A Justiça Federal absolveu o professor Nouga Cardoso Batista , ex-secretário de Educação de Teresina, e o empresário Braulino Teófilo Filho, no processo em que foram acusados de promover contratação direta ilegal na aquisição de 100 mil exemplares de livros para a rede municipal. A sentença foi proferida nesta sexta-feira (10) pelo juiz federal Agliberto Gomes Machado, da 3ª Vara Federal Criminal da Seção Judiciária do Piauí.

Nouga Cardoso e o empresário respondiam à ação penal proposta pelo Ministério Público Federal (MPF) por crime previsto no Código Penal, que trata da contratação direta por inexigibilidade de licitação fora das hipóteses legais.

Foto: GP1
Nouga Cardoso

Segundo a denúncia, em 2021 a Secretaria Municipal de Educação (Semec) firmou contrato de R$ 6,5 milhões com a empresa BP Comércio e Serviços de Edição de Livros Ltda. para aquisição de 100 mil exemplares do livro “Teresina Educativo”. O MPF sustentava que o procedimento de inexigibilidade de licitação teria ocorrido sem a devida demonstração da necessidade da contratação e sem o preenchimento dos requisitos legais, como justificativa de preço, exclusividade e escolha do objeto.

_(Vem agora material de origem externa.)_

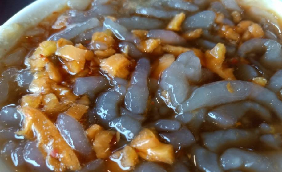 店名虽叫手工面皮店,但除了招牌面皮之外,店内菜品也是很多,各种面食、盖饭、小菜、粥类、炸鸡等应有尽有。其中他家还能吃到蛙鱼,可能不少外地小伙伴第一次看到以为是一种和鱼或者青蛙有关的美食,其实不然,这蛙鱼和鱼、青蛙没有一点关系,它是山芋粉制作而成的一种小吃,既不是鱼也不是青蛙,说白了就是和咱们平时所吃的凉粉差不多,只是叫法与做法不同而已,只是形状酷似蝌蚪,故此称为“蛙鱼”。他家店蛙鱼还可以,加入醋、酱油、蒜泥等佐料,吃起来入口爽滑、香酸可口,味道相当不错,还是值得一尝的。

Na decisão, contudo, o magistrado concluiu que não ficou demonstrado o dolo específico necessário para a configuração do crime, nem a existência de prejuízo aos cofres públicos.

Fundamentação da decisão

Ao analisar o caso, o juiz Agliberto Machado destacou que a responsabilização criminal exige prova de que os acusados teriam agido deliberadamente para fraudar a legislação e causar dano à administração pública, o que, segundo ele, não ocorreu.

“O gestor público atuou com amparo em pareceres técnicos e jurídicos, e a empresa forneceu o produto licitado a preço condizente com o mercado, com a entrega integral do objeto comprovada por Termos de Recebimento assinados por comissão fiscalizadora”, frisou o magistrado.

Sem anúncio no momento

O magistrado também ressaltou que a obra foi integralmente entregue à Prefeitura de Teresina.

Ao final, o juiz Agliberto Machado julgou improcedente a pretensão punitiva do Ministério Público Federal e absolveu Nouga Cardoso e Braulino Teófilo Filho, por entender que o fato imputado não constitui infração penal diante da ausência dos elementos exigidos para a condenação.

Nouga se pronuncia

Em entrevista ao GP1 , Nouga Cardoso disse que se manteve tranquilo no decorrer da tramitação processual, acreditando que o Poder Judiciário reconheceria a ausência de provas para condenação.

“Estou tranquilo, porque sempre tive consciência do meu zelo pelo erário público. Só agradeço à Justiça Federal por ter feito justiça, depois de ter ouvido as testemunhas de acusação, ouvido o próprio Ministério Público Federal e as testemunhas de defesa, por ter concluído pela improcedência da denúncia”, declarou o ex-secretário.